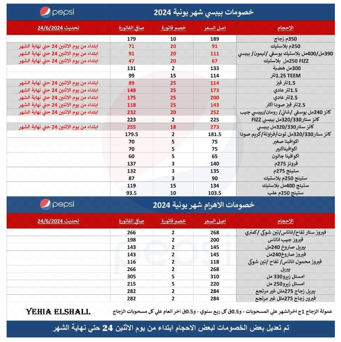ومنحت شركة بيبسي مصر التجار خصومات جديدة بنحو 25 جنيها على عبوات اللتر ونصف و2.5 لتر.
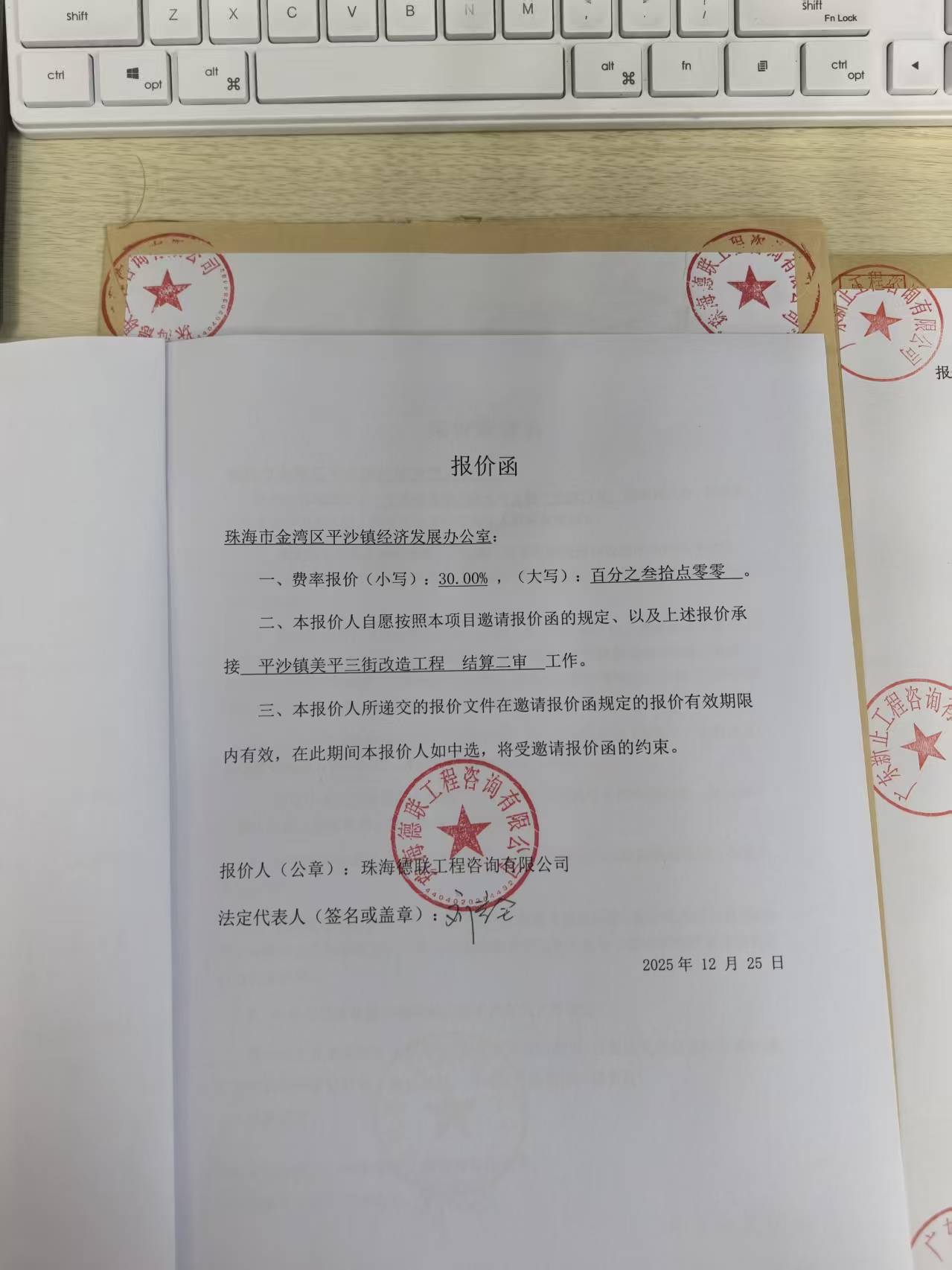 关于【平沙镇美平三街改造工程(二审) 采购结算审核服务】中选结果的公告
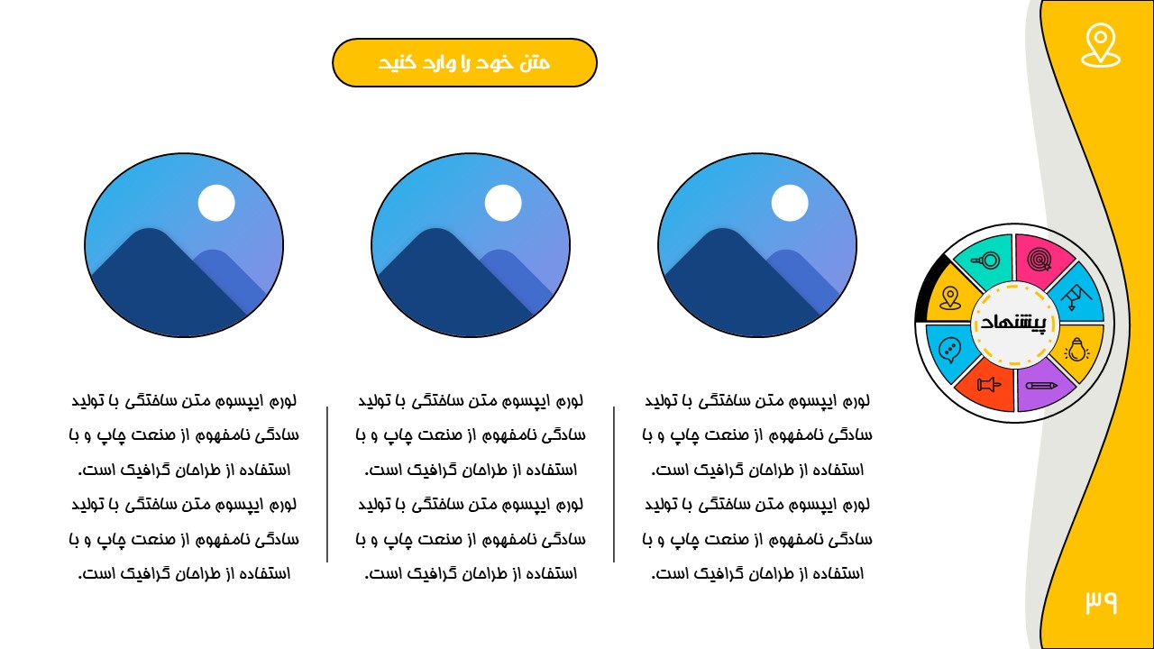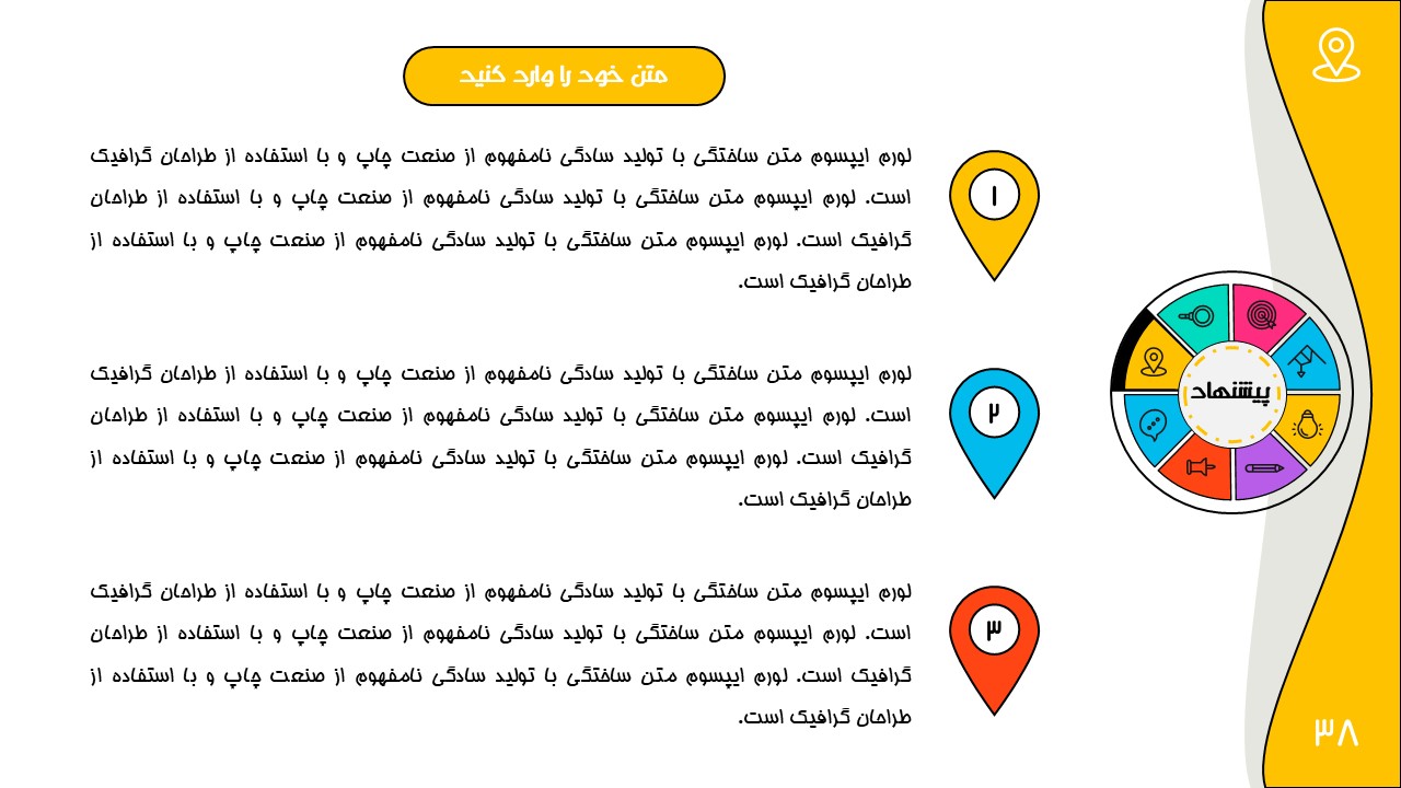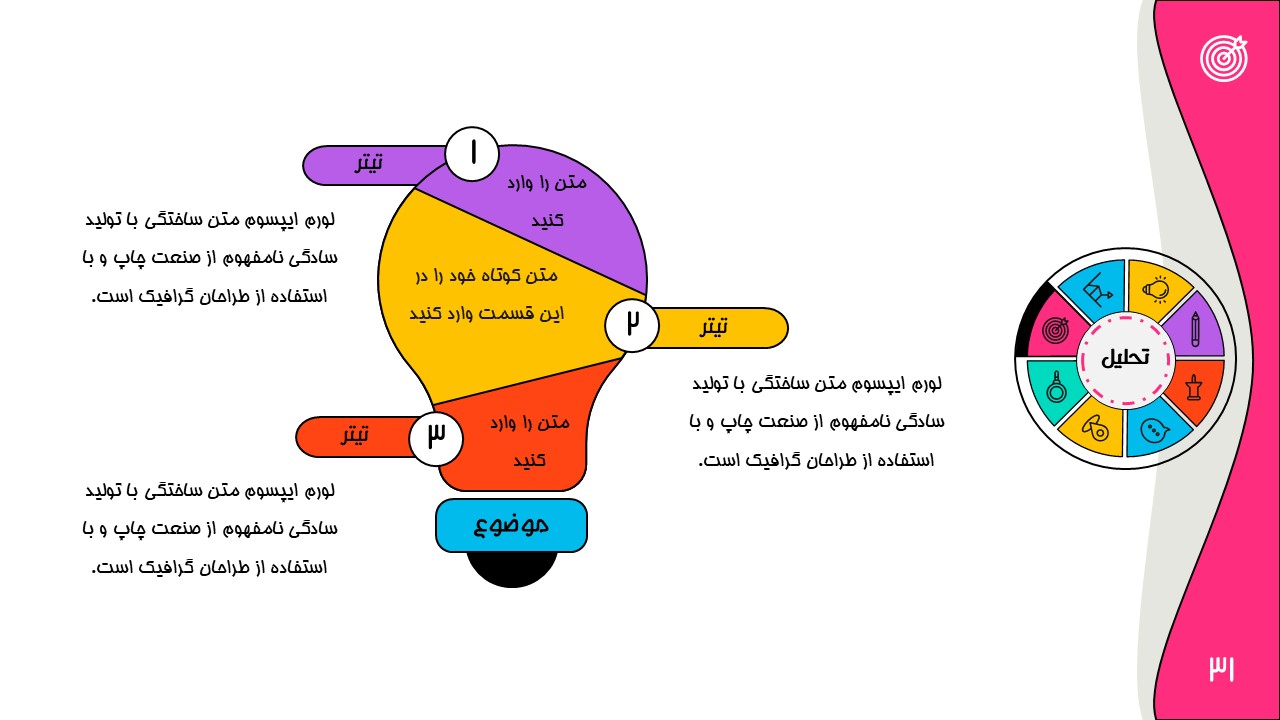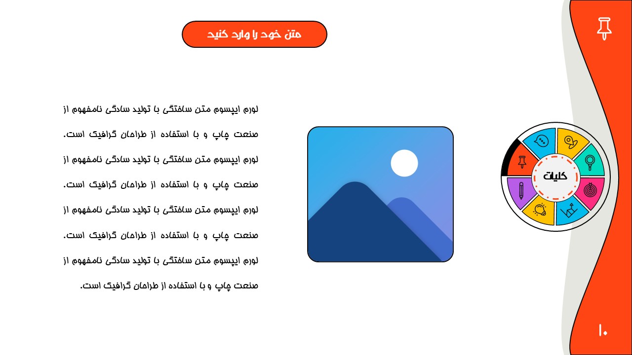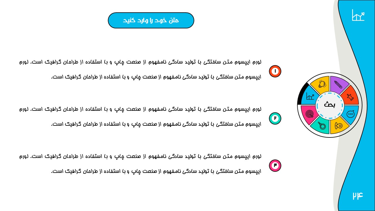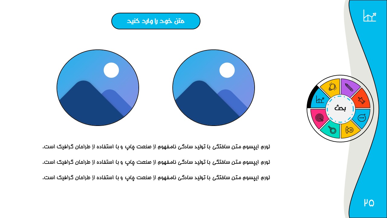 هر بخش این تم دو اسلاید اینفوگرافیک مختلف دارد که هرکدام ویژگی های خاص خود را دارند. همچنین منوی رنگی دایره ای به زیباتر بودن این قالب اضافه میکند. در این قالب حرفه ای میتوانید هر ویرایشی خواستید اعمال کنید.
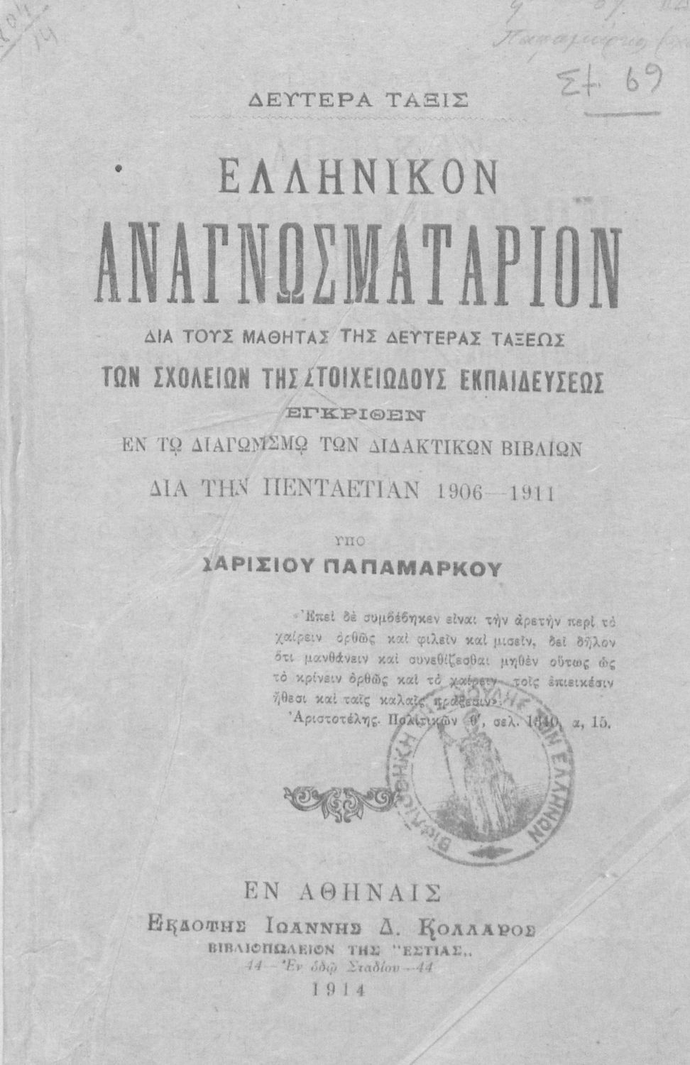 Τίτλος: Ελληνικόν Αναγνωσματάριο. Δια τους μαθητές της Δευτέρας Τάξεως των Σχολείων της Στοιχειώδους Εκπαιδεύσεως
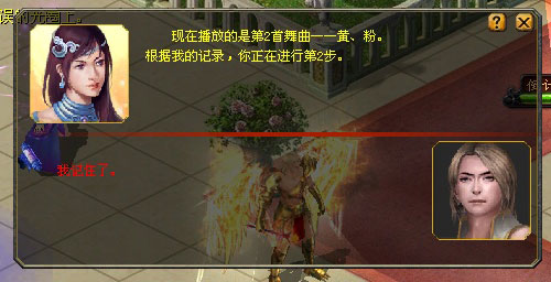 你用那无可挑剔的舞姿赢得了满堂喝彩!当你在指定的时间内成功地跳对50步后,便可以从安琳歌舞教练处获得1块珍贵的神佑水晶!有了神佑水晶,你便能进入隐秘的上古神迹!
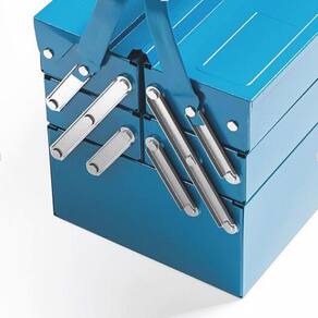 R: Essa caixa possui 5 gavetas espaçosas para armazenar suas ferramentas.
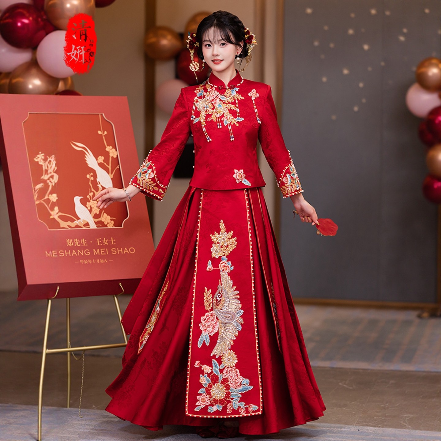 新中式婚服红色套装订婚礼服裙女敬酒服新娘结婚当天便装旗袍回门
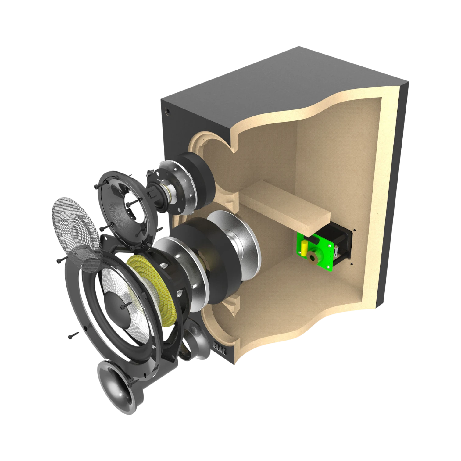 - Wide-dispersion waveguide ensures smooth and precise highs throughout a broad listening area
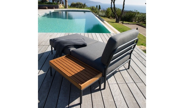 It’s all about level, coming face to face with nature, relating to the horizon and taking lines and shapes to the next level! The lightweight frame and soft cushions provide both contrast and comfort – and entice with a relaxed lounge atmosphere. LEVEL is a lounge series consisting of 2 sofa modules – a left and a right one – a single chair, a pouffe, a coffee table and a side table, making it possible to mix the modules in many different ways.
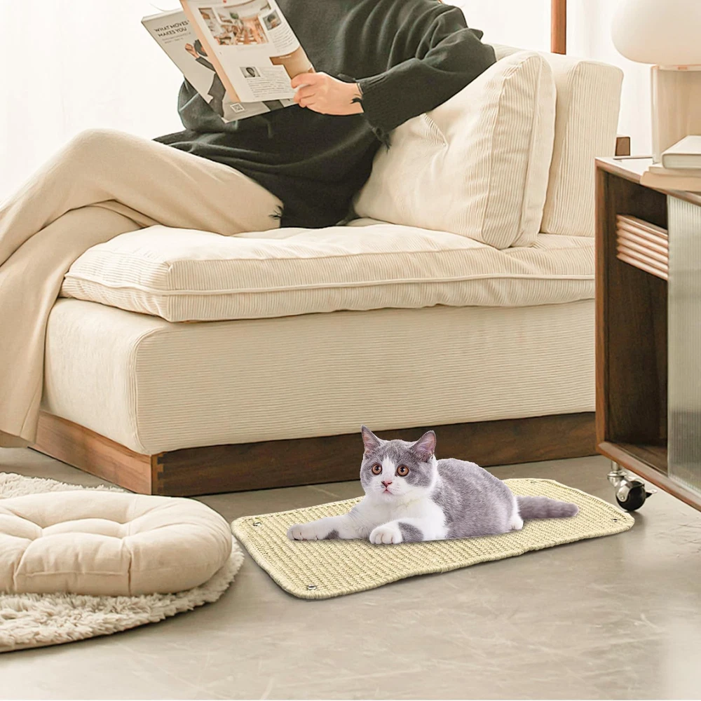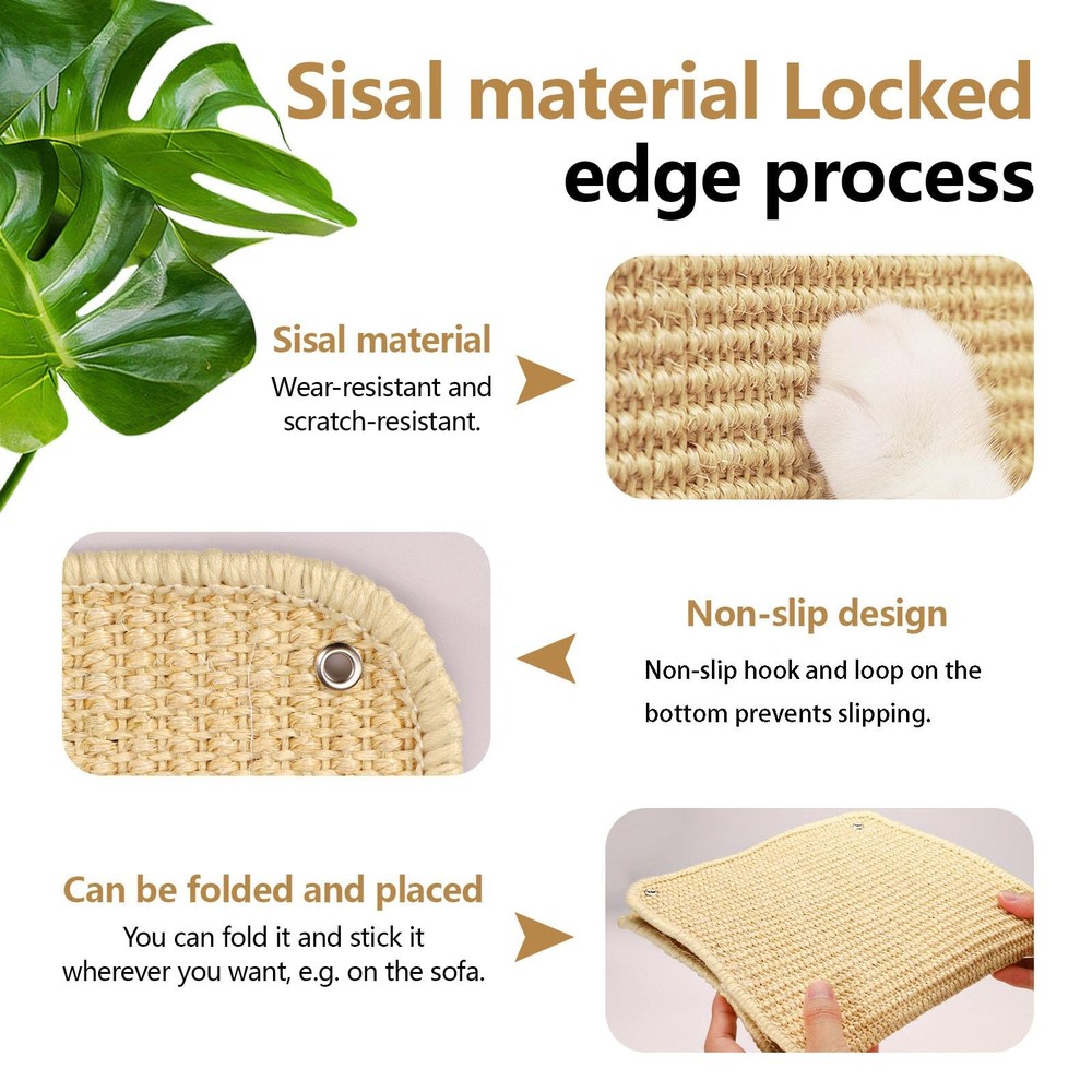 This sisal scratch pad is a game-changer for my cat! It's super sturdy, mounts easily on walls or furniture, and my kitty loves scratching and lounging on it. The natural sisal is gentle on paws, and the compact size fits anywhere. Perfect as a gift for fellow cat lovers—super practical and stylish. My furniture is finally safe from claws!

● ● ●

The full material above must be output verbatim, minus any pictures.

ومنحت شركة بيبسي مصر التجار خصومات جديدة بنحو 25 جنيها على عبوات اللتر ونصف و2.5 لتر.
 关于【平沙镇美平三街改造工程(二审) 采购结算审核服务】中选结果的公告
 هر بخش این تم دو اسلاید اینفوگرافیک مختلف دارد که هرکدام ویژگی های خاص خود را دارند. همچنین منوی رنگی دایره ای به زیباتر بودن این قالب اضافه میکند. در این قالب حرفه ای میتوانید هر ویرایشی خواستید اعمال کنید.
 Τίτλος: Ελληνικόν Αναγνωσματάριο. Δια τους μαθητές της Δευτέρας Τάξεως των Σχολείων της Στοιχειώδους Εκπαιδεύσεως
 你用那无可挑剔的舞姿赢得了满堂喝彩!当你在指定的时间内成功地跳对50步后,便可以从安琳歌舞教练处获得1块珍贵的神佑水晶!有了神佑水晶,你便能进入隐秘的上古神迹!
 R: Essa caixa possui 5 gavetas espaçosas para armazenar suas ferramentas.
 新中式婚服红色套装订婚礼服裙女敬酒服新娘结婚当天便装旗袍回门
 - Wide-dispersion waveguide ensures smooth and precise highs throughout a broad listening area
 It’s all about level, coming face to face with nature, relating to the horizon and taking lines and shapes to the next level! The lightweight frame and soft cushions provide both contrast and comfort – and entice with a relaxed lounge atmosphere. LEVEL is a lounge series consisting of 2 sofa modules – a left and a right one – a single chair, a pouffe, a coffee table and a side table, making it possible to mix the modules in many different ways.
 This sisal scratch pad is a game-changer for my cat! It's super sturdy, mounts easily on walls or furniture, and my kitty loves scratching and lounging on it. The natural sisal is gentle on paws, and the compact size fits anywhere. Perfect as a gift for fellow cat lovers—super practical and stylish. My furniture is finally safe from claws!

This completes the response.